The two .Rmd files in scripts/ are working documents used during manuscript preparation.

`res/`

Stored simulation and uncertainty results.

res/n101_k[nstates]_q[rate]_er_results.RDS (6 files)

Each file stores the raw simulation output for one rate condition under the equal-rates (er) model. The file name encodes the simulation condition (see naming convention above). Each RDS file contains an R list with one element per simulation replicate (100 replicates per condition). Each replicate element contains:

$res — a corHMM model fit object (the fitted ancestral state reconstruction)
Simulated tree and character data used to fit the model

res/unc/n101_k[nstates]_q[rate]_[model].RDS (12 files)

Per-condition uncertainty summary objects, covering both er and ard models across all six rate conditions. Each RDS file is an R list containing aggregated uncertainty metrics across the 100 simulation replicates for that condition.

res/p_ci_rds/p_ci_[method]_n101_k[nstates]_q[rate]_[model]_results_sim[NNNN].rds (1797 files)

One file per simulation replicate × method × condition combination. Each RDS file is the output of corHMM:::compute_joint_ci() for a single replicate, containing the joint probability distribution over ancestral state assignments. The three methods are simmap, pupko, and marginal. Replicates are numbered 0001–0100 per condition.

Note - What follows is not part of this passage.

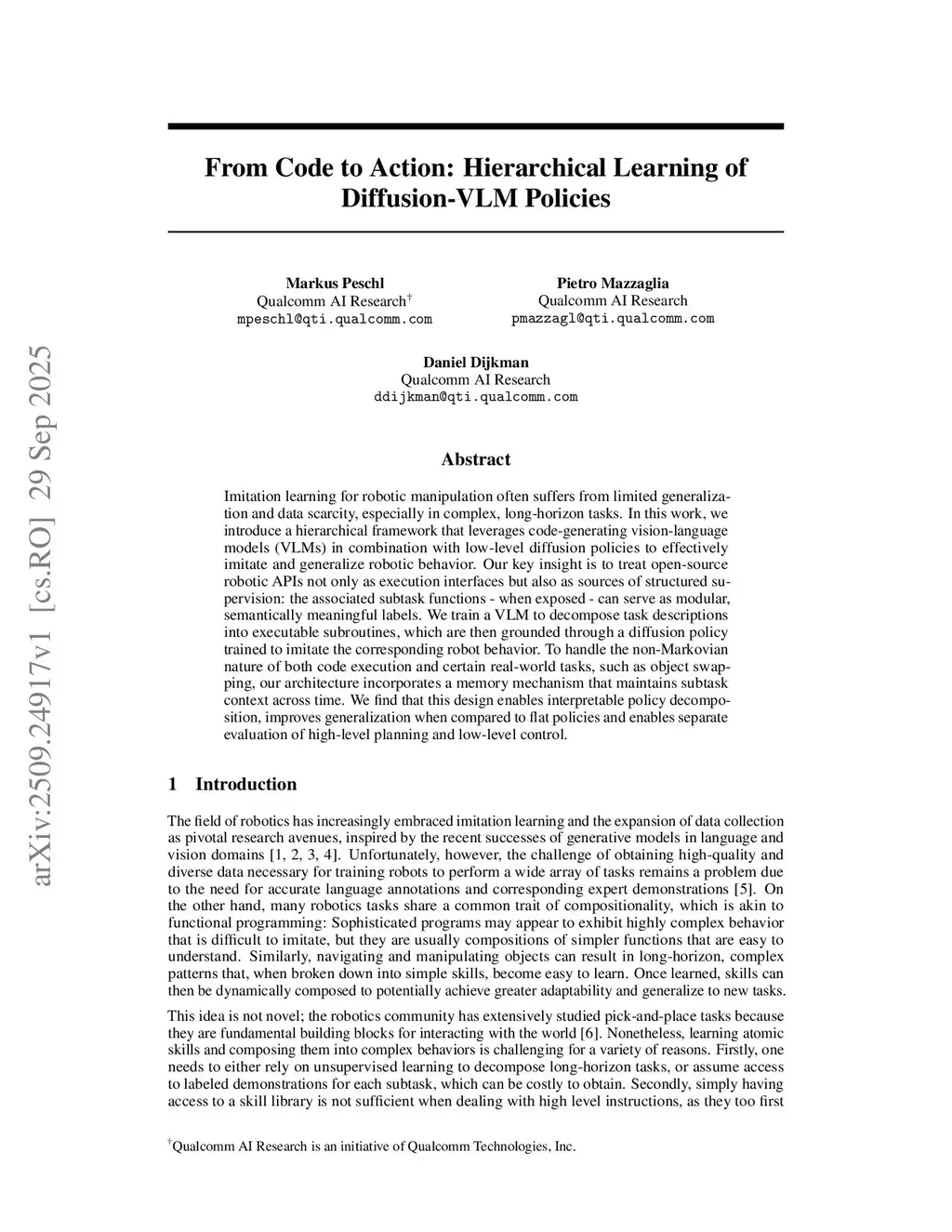 From Code to Action: Hierarchical Learning of Diffusion-VLM Policies

res/mar/n101_k[nstates]_q[rate]_[model]_intermediates.RDS (12 files)

Intermediate marginal reconstruction objects generated during pipeline development, covering all 12 conditions (both er and ard models). Each RDS file contains the marginal probability matrices at internal nodes for the 100 simulation replicates of that condition, stored prior to final aggregation.

res/mod/n101_k[nstates]_q[rate]_[model]_results.RDS (12 files)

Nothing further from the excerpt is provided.